Then in 1970, the U.S. Congress imposed acid emission regulations through the Clean Air Act, strengthened two decades later in 1990. By the 2000s, sulfate and nitrate in precipitation had decreased by some 40 percent.

Has acid rain now blown over? Or is there a new dark cloud on the horizon?

In findings recently published in the journal Water Resources Research, Charles Driscoll of Syracuse University and the National Science Foundation's (NSF) Hubbard Brook Long Term Ecological Research (LTER) site in New Hampshire reports that the reign of acid rain is far from over.

It's simply "shape-shifted" into a different form.

Hubbard Brook is one of 26 NSF LTER sites across the nation and around the world in ecosystems from deserts to coral reefs to coastal estuaries.

Co-authors of the paper are Afshin Pourmokhtarian of Syracuse University, John Campbell of the U.S. Forest Service in Durham, N.H., and Katharine Hayhoe of Texas Tech University. Pourmokhtarian is the lead author.

Acid rain was first identified in North America at Hubbard Brook in the mid-1960s, and later shown to result from long-range transport of sulfur dioxide and nitrogen oxides from power plants.
Hubbard Brook research influenced national and international acid rain policies, including the 1990 Clean Air Act amendments.

Researchers at Hubbard Brook have continued to study the effects of acid rain on forest growth and on soil and stream chemistry.

Long-term biogeochemical measurements, for example, have documented a decline in calcium levels in soils and plants over the past 40 years. Calcium is leaching from soils that nourish trees such as maples. The loss is primarily related to the effects of acid rain (and acid snow).

Now, Hubbard Brook LTER scientists have discovered that a combination of today's higher atmospheric carbon dioxide (CO2) level and its atmospheric fallout is altering the hydrology and water quality of forested watersheds--in much the same way as acid rain.

"It's taken years for New England forests, lakes and streams to recover from the acidification caused by atmospheric pollution," says Saran Twombly, NSF program director for long-term ecological research.

"It appears that these forests and streams are under threat again.
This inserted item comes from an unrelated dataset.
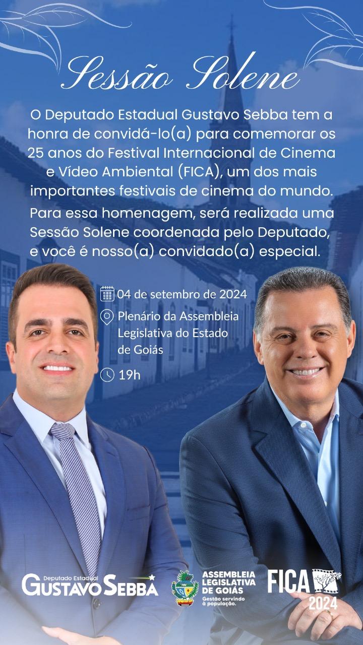 A Assembleia Legislativa do Estado de Goiás, por meio do deputado estadual Gustavo Sebba (PSDB), realizará uma sessão solene nesta quarta-feira, 4, às 19 horas, em homenagem ao 25º aniversário do Festival Internacional de Cinema e Vídeo Ambiental (Fica). O evento ocorrerá no Plenário da Assembleia Legislativa e contará com a presença do ex-governador de Goiás, Marconi Perillo, cineastas, personalidades do mundo cultural e diversas autoridades.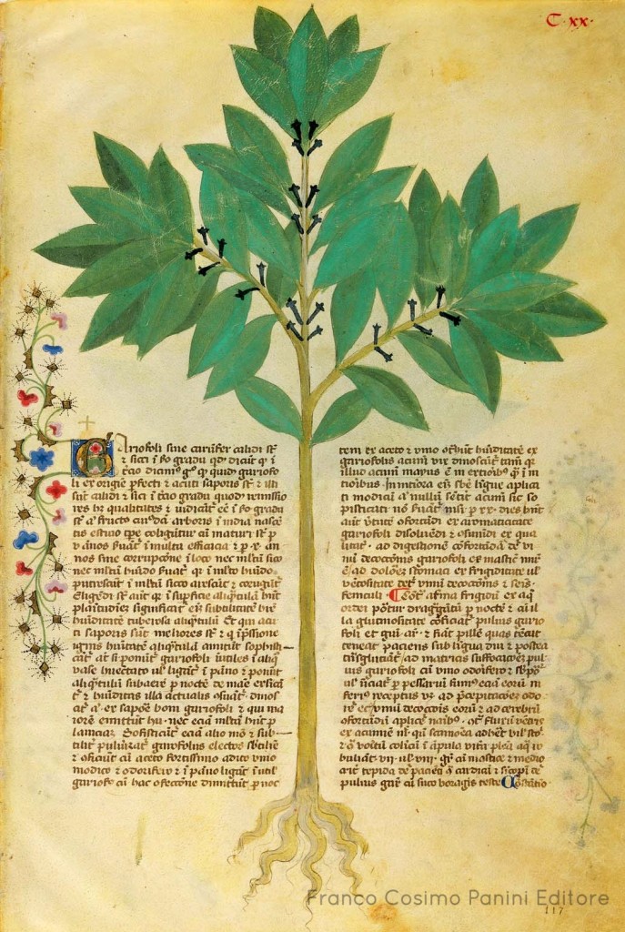 "I chiodi di garofano sono i frutti di un certo albero che nasce in India. Contro il dolore dello stomaco da infreddatura si dà il vino del loro decotto con i semi del finocchio. Per evitare di cadere e per confortare il cervello si applicano alle narici". Non conoscendo l’origine della spezia, il miniatore dipinge i boccioli dei fiori come già essiccati ma ancora attaccati alla pianta.

Climate change will likely return them to an acidified state. The implications for these environments, and for humans depending on them, are severe."

Climate projections indicate that over the 21st century, average air temperature will increase at the Hubbard Brook site by 1.7 to 6.5 degrees Celsius, with increases in annual precipitation ranging from 4 to 32 centimeters above the average from 1970-2000.

Hubbard Brook scientists turned to a biogeochemical model known as PnET-BGC to look at the effects of changes in temperature, precipitation, solar radiation and atmospheric CO2 on major elements such as nitrogen in forests.

The model is used to evaluate the effects of climate change, atmospheric deposition and land disturbance on soil and surface waters in northern forest ecosystems.

It was created by linking the forest-soil-water model PnET-CN with a biogeochemical sub-model, enabling the incorporation of major elements like calcium, nitrogen, potassium and others.

The results show that under a scenario of future climate change, snowfall at Hubbard Brook will begin later in winter, snowmelt will happen earlier in spring, and soil and stream waters will become acidified, altering the quality of water draining from forested watersheds.

"The combination of all these factors makes it difficult to assess the effects of climate change on forest ecosystems," says Driscoll.

"The issue is especially challenging in small mountain watersheds because they're strongly influenced by local weather patterns."

The Hubbard Brook LTER site has short, cool summers and long, cold winters. Its forests are made up of northern hardwood trees like sugar maples, American beeches and yellow birches. Conifers--mostly balsam firs and red spruces--are more abundant at higher elevations.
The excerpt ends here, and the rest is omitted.